1. Detection principle of X-axis accelerometer

Please refer to FIG. 5 , which is a schematic diagram of the three-axis accelerometer shown in FIG. 1 of the present invention when the X-axis acceleration is sensed.

The X-axis detection electrodes 3a, 3b, 3c, and 3d are provided with a number of lateral fixed comb teeth 6b parallel to the Y axis, and the X mass block 1a is provided with a number of lateral movable comb teeth parallel to the Y axis. 6a, when the X-axis acceleration input is sensed (or sensed), the X-mass block 1a will drive several lateral movable comb teeth 6a to move along the X-axis, and the X-axis detection electrodes 3a, 3b, 3c, 3d The lateral fixed comb teeth 6b in the X-mass block 1a are sensitive to the change in the distance from the lateral movable comb teeth 6a in the X mass block 1a, and the capacitance of the two changes. The capacitance change of the laterally fixed comb teeth 6b realizes the measurement of the X-axis acceleration. It can also be said that the X-axis detection electrodes 3a, 3b, 3c, and 3d detect changes in the distance from the X-mass block 1a. Specifically, the X-axis detection electrodes 3a, 3b, 3c, Compared with the capacitance of 3d, the capacitance of the X-axis detection electrodes 3a, 3b, 3c, and 3d after being sensitive to the X-axis acceleration increases or decreases, and the difference between the two can be calculated to obtain the capacitance change caused by the X-axis acceleration, and then the input X The magnitude of the axis acceleration.

It should be noted that, FIG. 5 only shows one movement direction of the X mass 1a along the X axis when the X axis acceleration input is sensitive to it.

Second, the Y-axis accelerometer detection principle

Please refer to FIG. 6 , which is a schematic diagram of the three-axis accelerometer shown in FIG. 1 of the present invention when the Y-axis acceleration is sensed.

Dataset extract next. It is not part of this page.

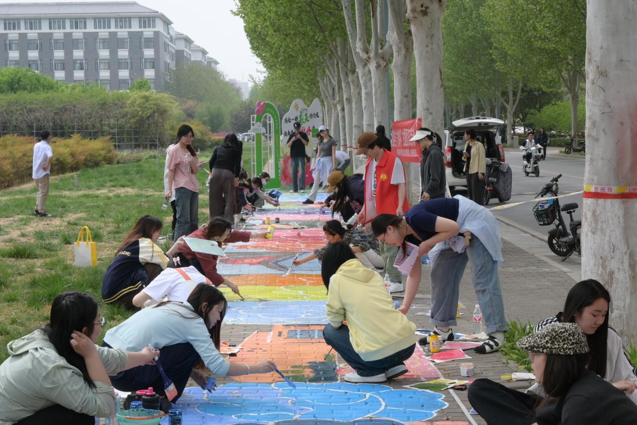 创作过程中,浓郁的艺术氛围和视觉效果吸引许多路过同学,一些非绘画专业的团员青年也主动加入队伍。大家分工明确、相互协作,历经2天的不懈努力,终于完成这条长35米的牡丹花路。

The Y-axis detection electrodes 3e, 3f, 3g, and 3h are provided with a number of longitudinal fixed comb teeth 6d parallel to the X axis, and the Y mass block 1b is provided with a number of longitudinal movable comb teeth parallel to the X axis. 6c, when the Y-axis acceleration input is sensed (or sensed), the Y-mass block 1b will drive several longitudinal movable comb teeth 6c to move along the Y-axis, and the Y-axis detection electrodes 3e, 3f, 3g, 3h The vertical fixed comb teeth 6d in the Y mass block 1c are sensitive to the change in the distance from the longitudinal movable comb teeth 6c in the Y mass block 1c, and the capacitance of the two changes. The capacitance change of the longitudinal movable comb teeth 6c realizes the measurement of the Y-axis acceleration. It can also be said that the Y-axis detection electrodes 3e, 3f, 3g, and 3h detect the change in the distance from the Y mass block 1b. Compared with the capacitance, the capacitance of the Y-axis detection electrodes 3e, 3f, 3g, and 3h after being sensitive to the Y-axis acceleration increases or decreases, and the difference between the two can be obtained to obtain the capacitance change caused by the Y-axis acceleration, and then the input Y-axis acceleration is obtained. rate size.

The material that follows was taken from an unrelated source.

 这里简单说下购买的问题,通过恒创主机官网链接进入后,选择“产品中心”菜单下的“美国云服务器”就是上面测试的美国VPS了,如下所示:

It should be noted that, Fig. 6 only shows one movement direction of the Y mass 1b along the Y axis when the Y axis acceleration input is sensitive to it.

Three, Z-axis accelerometer detection principle

Please refer to FIG. 7 , which is a schematic diagram of the three-axis accelerometer shown in FIG. 1 in the present invention when Z-axis acceleration is sensed.

The first Z-axis detection electrode 3i and the second Z-axis detection electrode 3j are located below the Z mass 1c and symmetrically arranged on the left and right sides of the torsion beams 2e and 2f. When the Z-axis acceleration input is sensed (or sensed), the Z-mass block 1c will be twisted (or similar to the seesaw motion) with the torsion beams 2e and 2f as the axis, and the first Z-axis detection electrodes on both sides The distance between 3i and the second Z-axis detection electrode 3j and the Z-mass block 1c changes, so that the capacitance of the first Z-axis detection electrode 3i and the second Z-axis detection electrode 3j changes. By detecting the first Z-axis detection electrode The capacitance change of 3i and the second Z-axis detection electrode 3j realizes the measurement of Z-axis acceleration. It can also be said that the first Z-axis detection electrode 3i detects the distance change from the Z mass block 1c, and the second Z-axis detection electrode 3j detects the distance change from the Z-mass block 1c. Specifically, it is sensitive to Z The capacitances of the first Z-axis detection electrode 3i and the second Z-axis detection electrode 3j after the axis acceleration rate are increased by one and decreased by the other. The difference between the two can obtain the capacitance change caused by the Z-axis acceleration, and then the input Z-axis acceleration rate can be obtained. size.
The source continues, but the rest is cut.